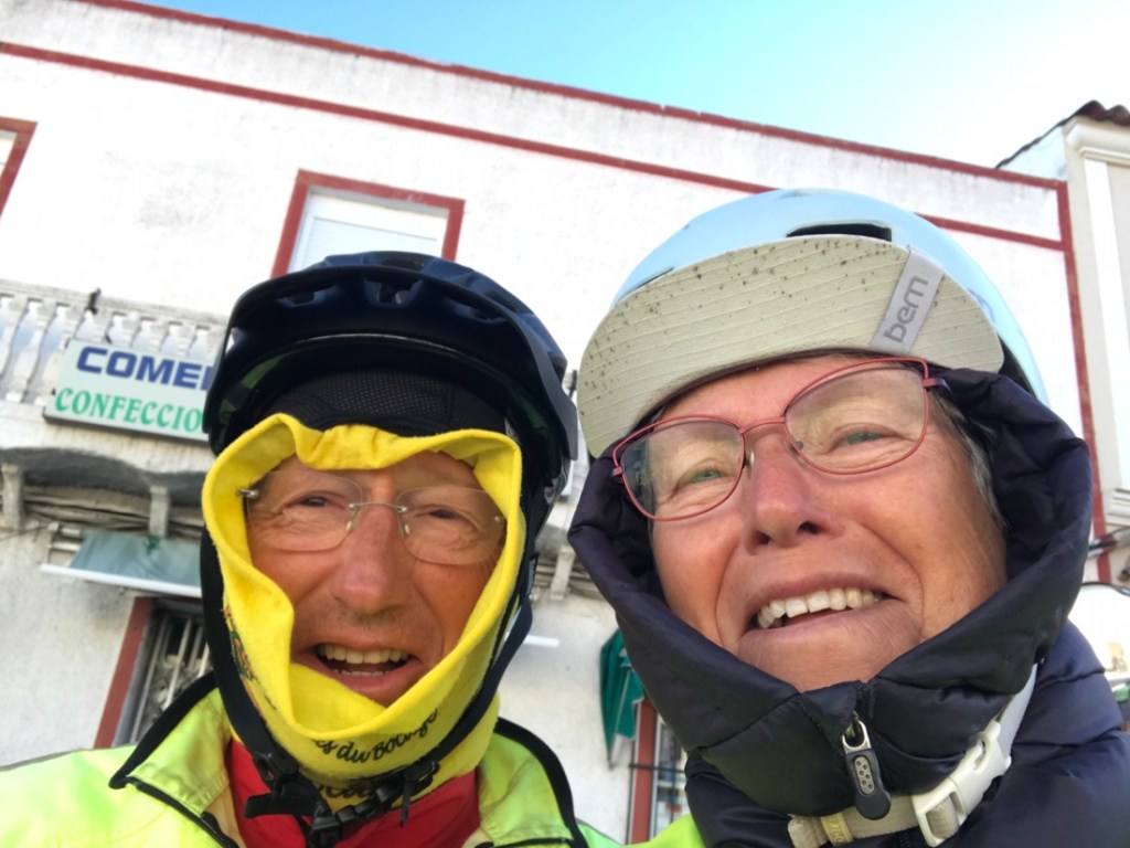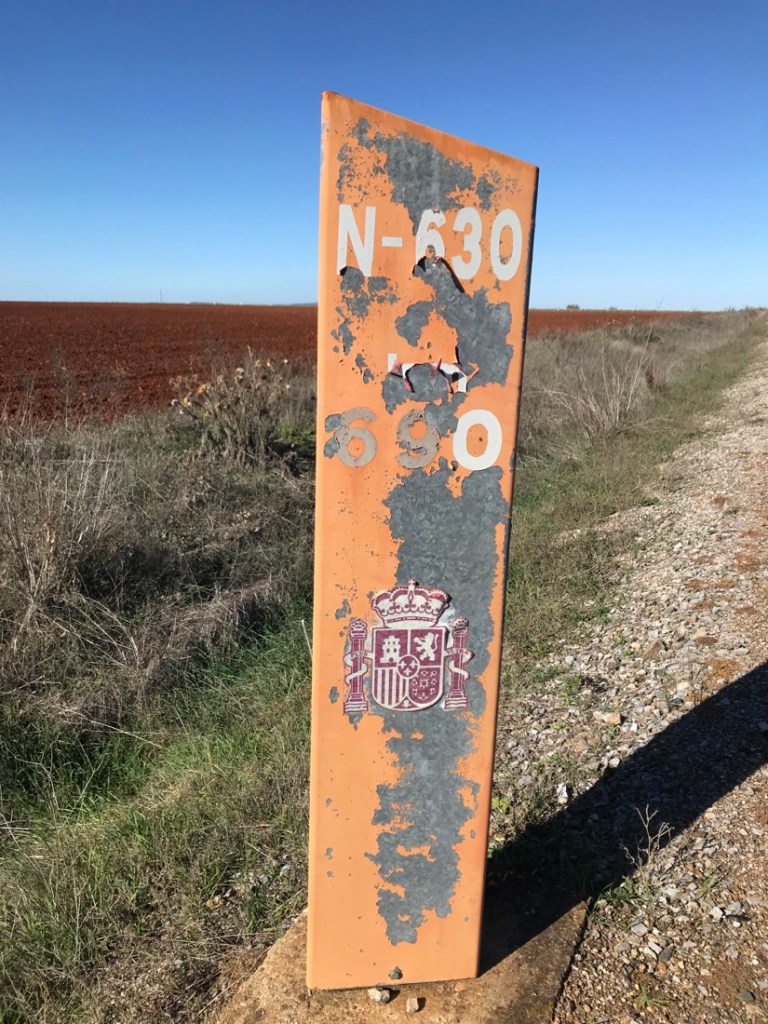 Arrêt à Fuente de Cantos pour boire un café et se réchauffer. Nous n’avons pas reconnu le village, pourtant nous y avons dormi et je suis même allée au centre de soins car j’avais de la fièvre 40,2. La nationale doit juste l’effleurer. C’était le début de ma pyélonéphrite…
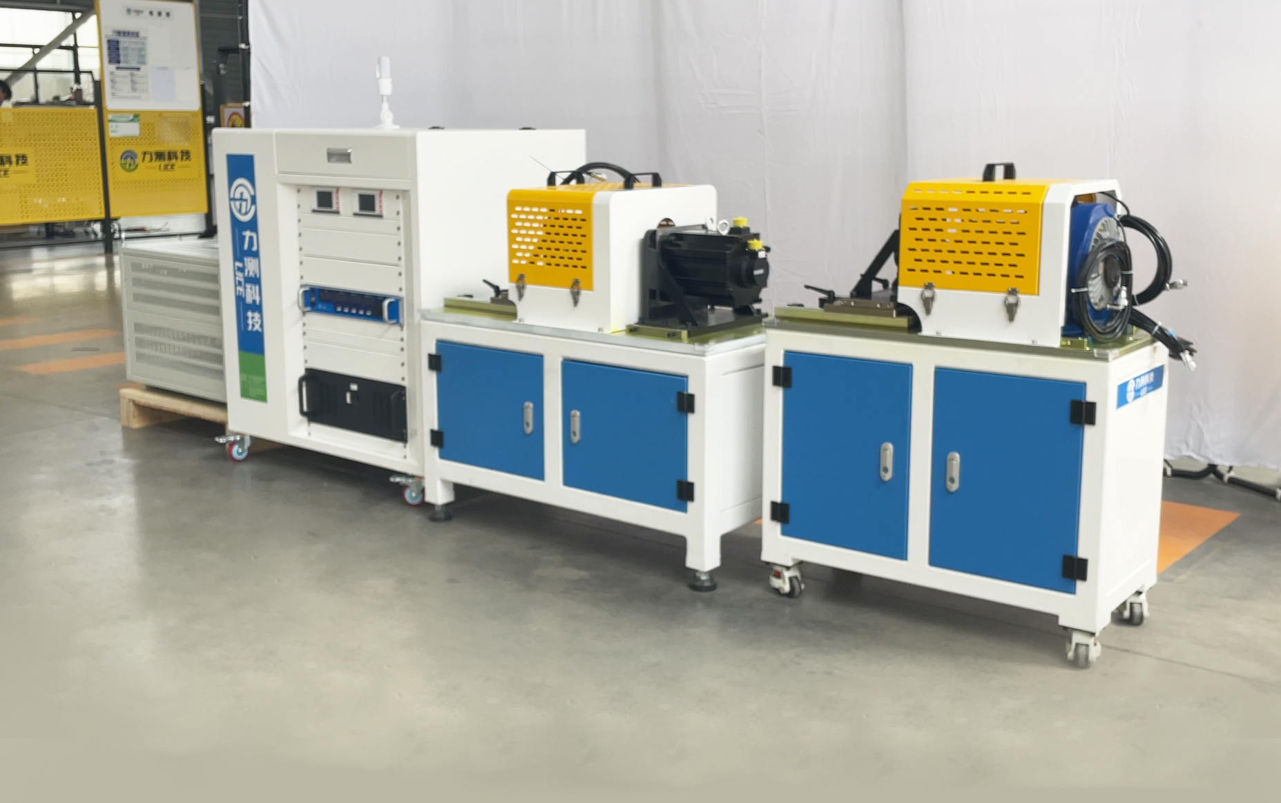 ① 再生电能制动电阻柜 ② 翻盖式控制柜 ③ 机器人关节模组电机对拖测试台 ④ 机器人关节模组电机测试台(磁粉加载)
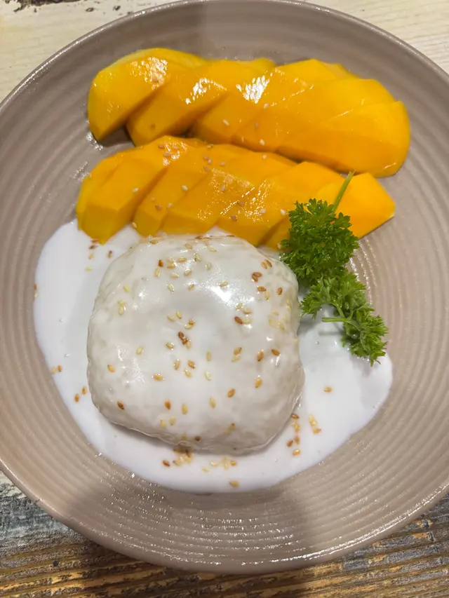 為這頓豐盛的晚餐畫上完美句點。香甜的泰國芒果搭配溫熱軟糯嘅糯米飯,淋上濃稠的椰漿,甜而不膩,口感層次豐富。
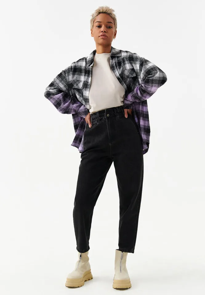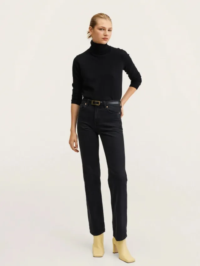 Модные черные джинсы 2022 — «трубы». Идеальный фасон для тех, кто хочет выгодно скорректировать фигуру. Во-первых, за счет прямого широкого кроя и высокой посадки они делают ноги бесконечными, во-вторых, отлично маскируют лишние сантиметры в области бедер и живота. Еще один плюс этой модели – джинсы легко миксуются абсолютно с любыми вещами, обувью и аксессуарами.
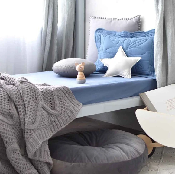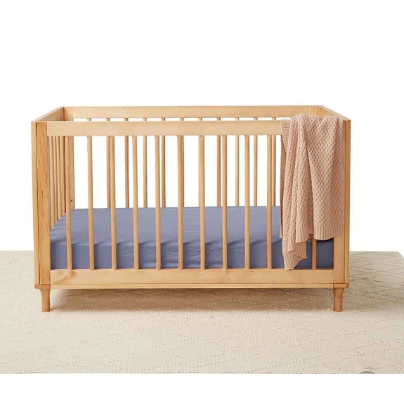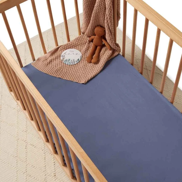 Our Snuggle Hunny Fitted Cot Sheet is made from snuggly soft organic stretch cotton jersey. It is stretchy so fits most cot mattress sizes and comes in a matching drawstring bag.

********

:: Exercise details ::
Output the data above exactly, beginning at its first line and ending with the line that holds "為這頓豐盛的晚餐畫上完美句點". Leave out the pictures and add nothing.

:: Reply ::
 Arrêt à Fuente de Cantos pour boire un café et se réchauffer. Nous n’avons pas reconnu le village, pourtant nous y avons dormi et je suis même allée au centre de soins car j’avais de la fièvre 40,2. La nationale doit juste l’effleurer. C’était le début de ma pyélonéphrite…
 ① 再生电能制动电阻柜 ② 翻盖式控制柜 ③ 机器人关节模组电机对拖测试台 ④ 机器人关节模组电机测试台(磁粉加载)
 為這頓豐盛的晚餐畫上完美句點。香甜的泰國芒果搭配溫熱軟糯嘅糯米飯,淋上濃稠的椰漿,甜而不膩,口感層次豐富。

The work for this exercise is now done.